Choose a Strategy - How are you going to work it out -- Sort through the information???

successful-tips-in-helping-your-junior-high-teen-with-math-homework

What Are Strategies I Can Use To Solve The Problem?

When given word problems, many times you are given quite a bit of information. You must choose a strategy once you have read through it as suggested above.

There are many strategies to use. Here are a few that work well.

  1. Draw a picture! You do not have to be artistic, but represent what is in the problem to simplify it. If it describes the area of a rectangle, jot down a rectangle. Label what you know from the information needed. This gives a visual. Seeing it in a picture helps to work through the information given.
  2. Make a list. Sort the information into a readable list. The more information that is given, you need to organize it. To keep looking back at a wordy description can get you lost in needless details.
  3. Work it backwards. Might sound confusing, but sometimes it is the best way to work a word problem. Take what you know from what is given and see if you can arrive at the problem backwards. If it is multiple choice, try the different choices to see which one may be the correct one.
  4. Find a pattern. Patterns are applied to some problems, but not all. If you see what you think is a pattern, write it out and analyze it.
  5. Write out a number sentence or equation. If the problem is saying 8 less than a number all that means is x - 8. Key words have to be translated from English to Math.
  6. Guess and Check -- when all else fails, this will do. Also, if all else fails, type the word problem into Google. Many times someone has worked a problem out or a similar one. The search engine could just pull up specific help for the actual problem being worked.

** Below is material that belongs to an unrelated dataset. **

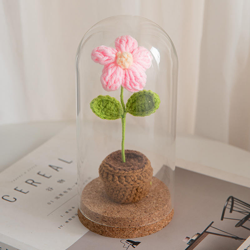 ดอกไม้ประดิษฐ์รูปดอกทานตะวันถักโครเชต์จากไหมพรมลายกุหลาบ งานแฮนด์เมด สำหรับวันวาเลนไทน์ พร้อมกระถางปลูก ตกแต่งสำเร็จรูป ขายส่ง

It Is Solved! Now Should I Check It?

Work it out and Check it!

After you have read the problem thoroughly, and chosen a strategy, it is time to solve it. When solving it, be sure to show your work. Showing your work helps in many ways. It helps you to see what steps you have taken and allows you to look back to check for errors. It allows the teacher to see the amount of work you have put into the problem and also allows the teacher to give partial credit for a problem. Sometimes simple mistakes can be given partial credit. If my students get a positive and a negative switched or miss dividing on a fraction, as long as I can see their work, I will give some credit for it.

After solving it, be sure to check it. Look back and double check your information and how you arrived at the answer. It is far better to catch an error now and correct it than after it has been graded and you have to correct your missed ones. Just because you solved it does not mean you didn't miss something simple. Checking it will catch those small errors.

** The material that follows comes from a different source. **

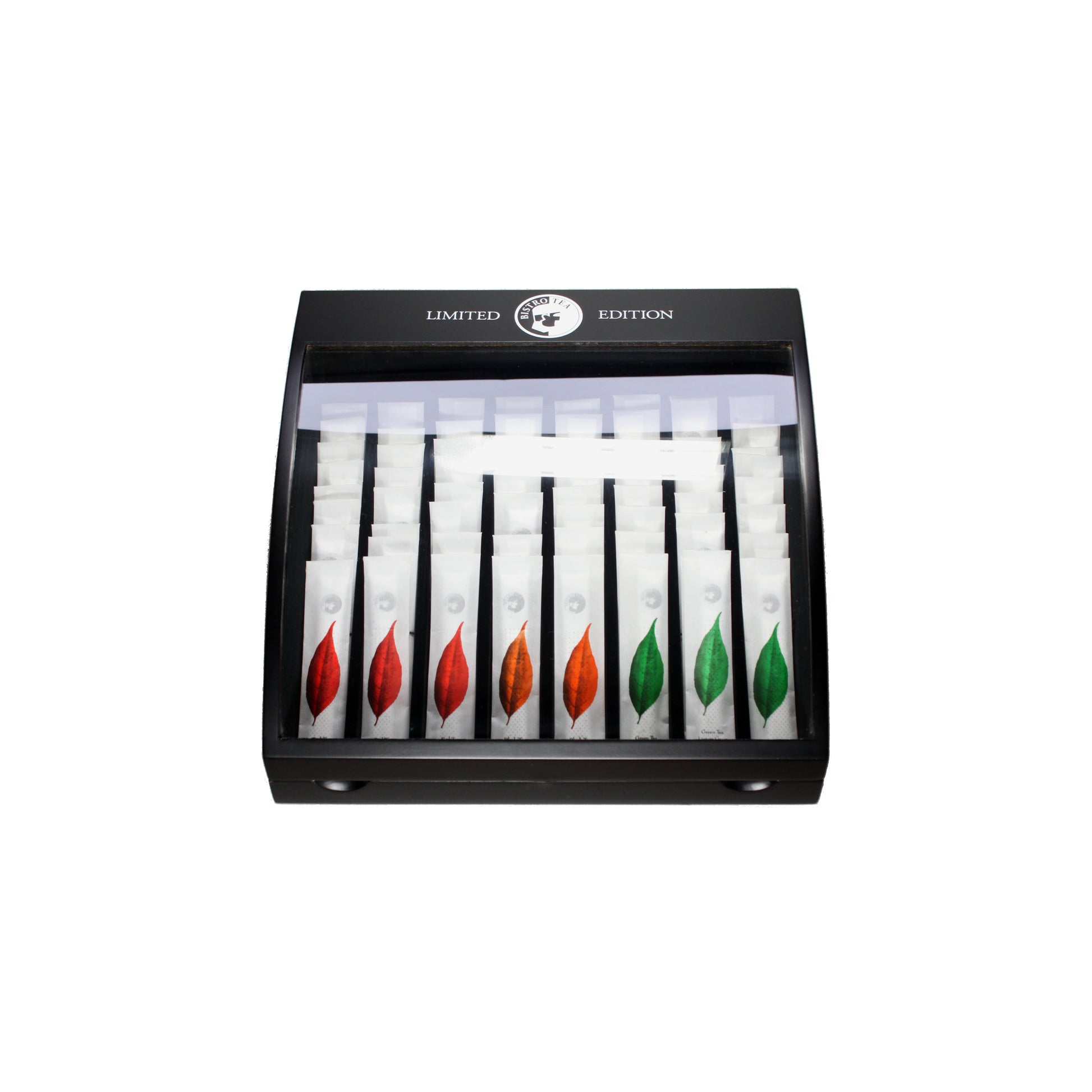 Genießen Sie Luxus und Stil mit der Bistrotea® T-Bar Grand Collection. Verwandeln Sie Ihre Teeauswahl in ein Erlebnis mit 64 Teeportionen, präsentiert in einem eleganten Teedisplay. Perfekt für höchsten Stylefaktor und ein geschmackvolles Genusserlebnis.

“If people do not believe that mathematics is simple, it is only because they do not realize how complicated life is.”

— John von Neumann

No Need To Get Frustrated! There Is Help Available

With Algebra and word problems, try to not get overwhelmed. Time and again, I see students and my own children get so frustrated with math or word problems. The math in the word problems has been taught and the student knows. The real feat is getting them to take a breath and work through the word problem, without getting flustered.

Together you and your child can succeed with Algebra and word problems. Remember the strategies and use the internet as a tool to help you.